# YOUR GOAL
Reproduce, exactly and in full, the lines from the one with "Чашка какао с" through the one with "- If you press" in the data below; drop pictures.

# Records contained in a dataset
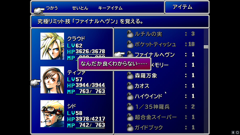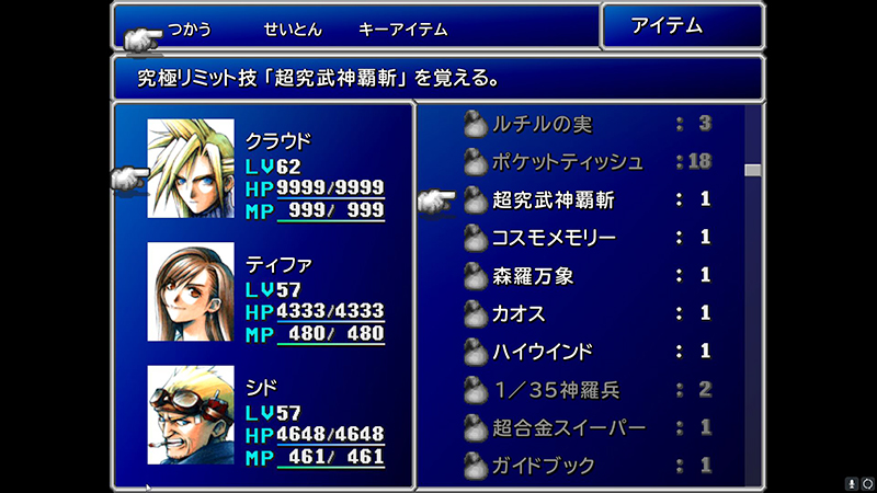 そうした苦労の甲斐あって、かっこいい究極リミット技をクラウドに覚えさせられました。
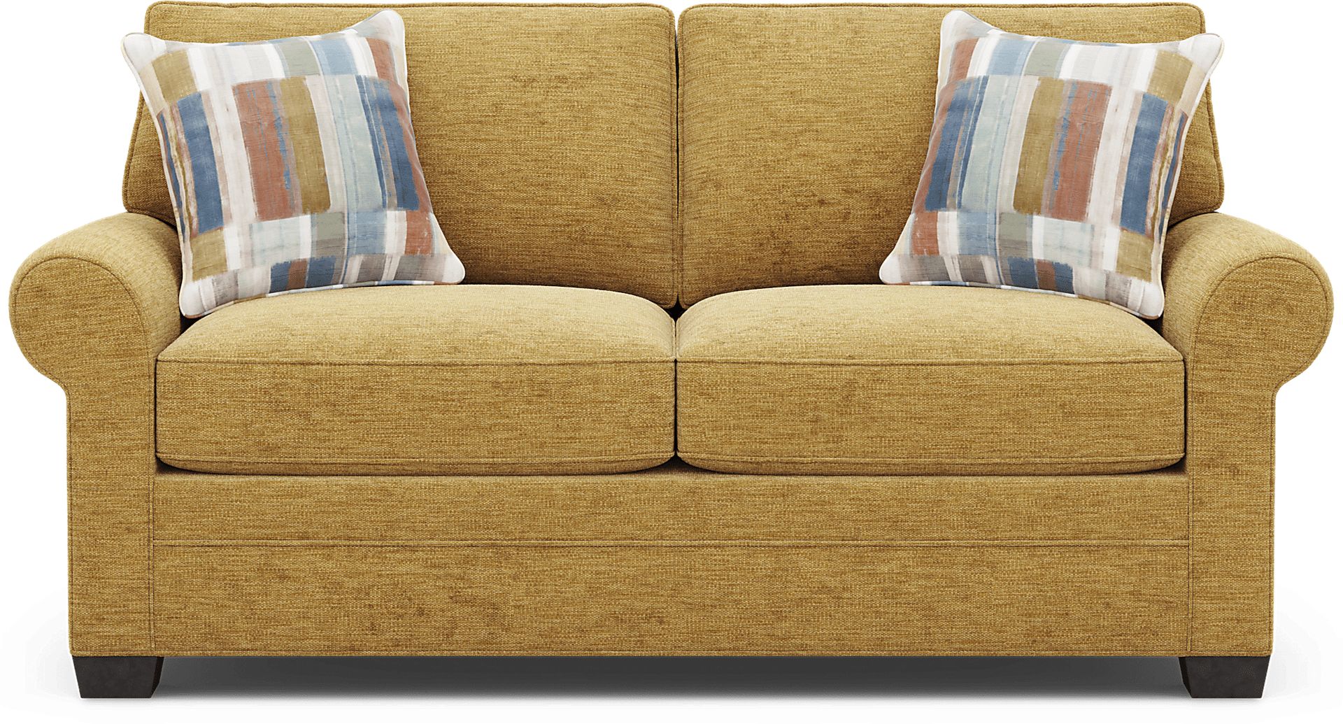Timeless family-style seating is here with the Bellingham collection from Cindy Crawford Home. Upholstered with textured chenille in an irresistible shade of maize yellow, this loveseat features soft curves and padded roll arms for a graceful silhouette. Reversible back and seat cushions with double-welted boxed borders add refined tailoring. Beneath is a full Nature's Bed gel foam sleeper mattress that easily transforms your living room into a cool and comfortable sleep space for overnight guests. A pair of toss pillows showcase a patchwork-inspired design in earthy shades of blue, purple, green and brown to create a warming accent, while fringed textured details bring tactile interest and dimension. Upholstery: 90% Polyester,10% Viscose
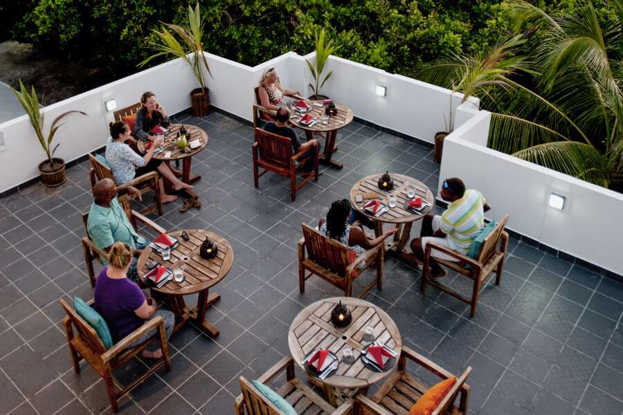 Das Hotel bietet ein Hauptrestaurant im Buffetstil mit internationaler Küche, das zweite Restaurant befindet sich auf der Dachterrasse. Getränkeecke, Sonnenterrasse, In-House-Projektor zum gemeinsamen Betrachten von Videos und Fotos, kostenloses Wi-Fi im ganzen Hotel, gelegentlich Livemusik, medizinisches Fachpersonal auf der Insel.
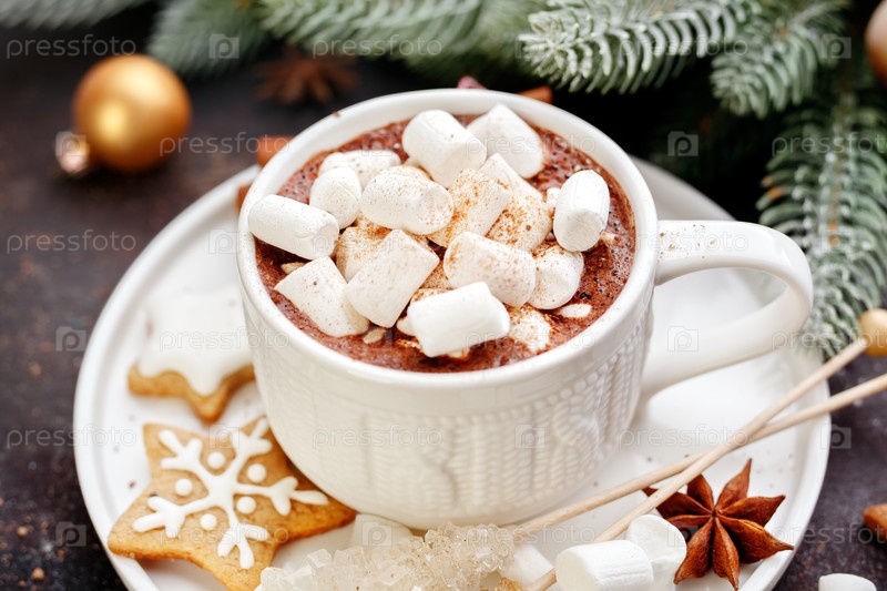 Чашка какао с зефиром и Рождественское печенье
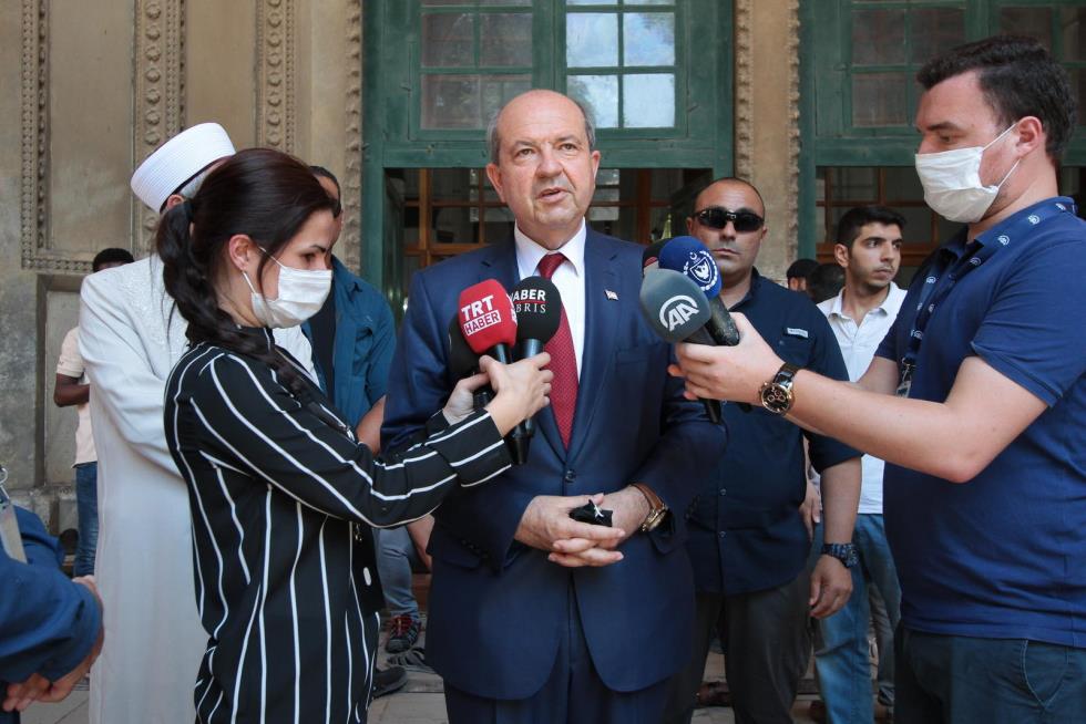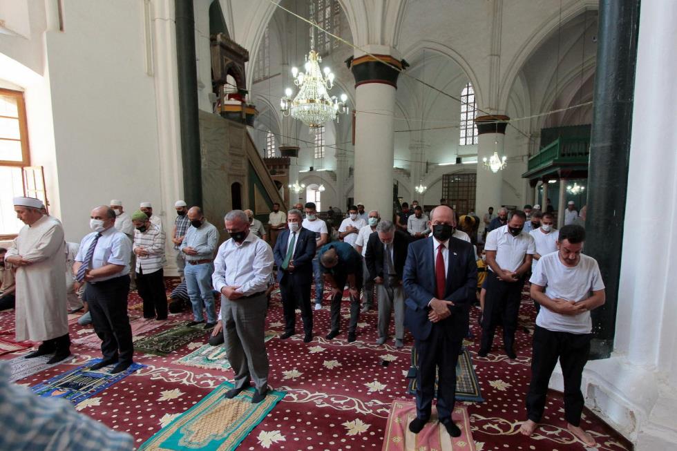 Αυτή τη φορά, την ώρα που ο Ταγίπ Ερντογάν βρισκόταν στον Ναό της Αγίας Σοφίας στην Κωνσταντινούπολη και συμμετείχε στην πρώτη προσευχή, μετά την απόφαση του για να μετατραπεί σε τζαμί, ο Ερσίν Τατάρ βρισκόταν στον συλημένο καθεδρικό ναό της Αγίας Σοφίας στην κατεχόμενη Λευκωσία και συμμετείχε στην προσευχή της Παρασκευής.
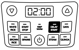 - If you press Delay Start, a default time (2:00) is displayed on the timer, indicating 2 hours until cooking or steaming starts. To adjust the Delay Start time, press the up/down arrows.
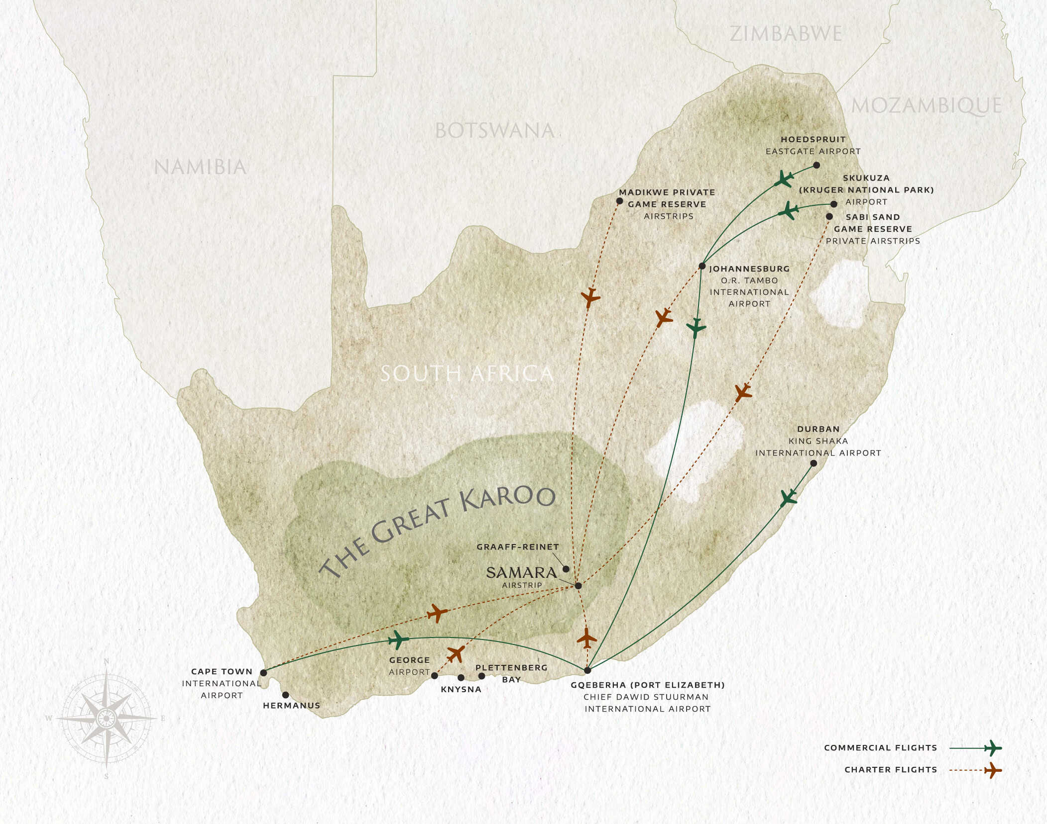 Our nearest major airport is in Port Elizabeth (now Gqeberha), serviced with daily commercial flights from Cape Town, Johannesburg and Durban. Once in Port Elizabeth, guests may either hire a car, take a road transfer or book a private charter flight onto Samara’s gravel airstrip.
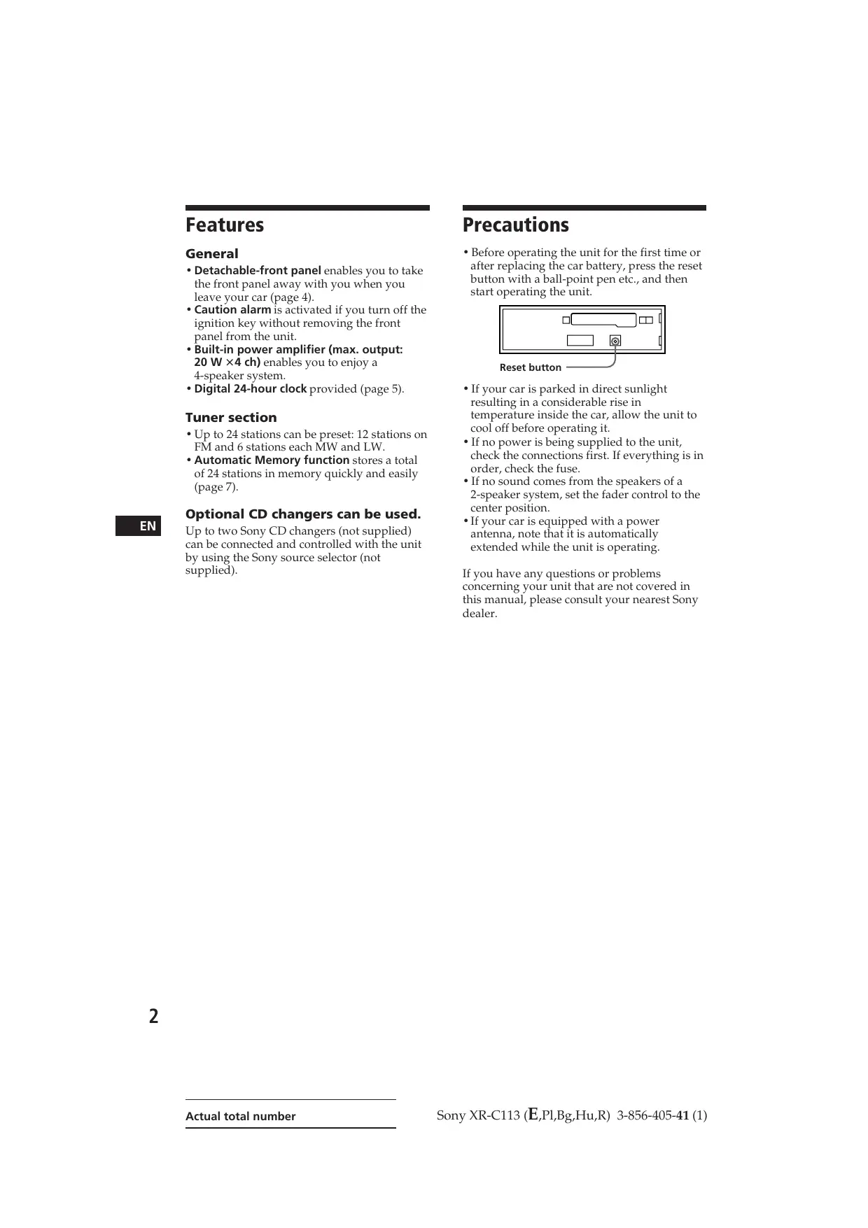 - Before removing the front panel, be sure to turn the power off. However, if you press the RELEASE button to detach the panel while the unit is still turned on, the power is automatically turned off in order to protect the speakers from being damaged. Actual total number Sony XR-C113 (E,Pl,Bg,Hu,R) 3-856-405-41 (1) Setting the Clock The clock has a 24-hour digital indication. Cassette Player Operation For example, setting it to 10:08

# SOLUTION TO THIS PROBLEM
 Чашка какао с зефиром и Рождественское печенье
 Αυτή τη φορά, την ώρα που ο Ταγίπ Ερντογάν βρισκόταν στον Ναό της Αγίας Σοφίας στην Κωνσταντινούπολη και συμμετείχε στην πρώτη προσευχή, μετά την απόφαση του για να μετατραπεί σε τζαμί, ο Ερσίν Τατάρ βρισκόταν στον συλημένο καθεδρικό ναό της Αγίας Σοφίας στην κατεχόμενη Λευκωσία και συμμετείχε στην προσευχή της Παρασκευής.
 - If you press Delay Start, a default time (2:00) is displayed on the timer, indicating 2 hours until cooking or steaming starts. To adjust the Delay Start time, press the up/down arrows.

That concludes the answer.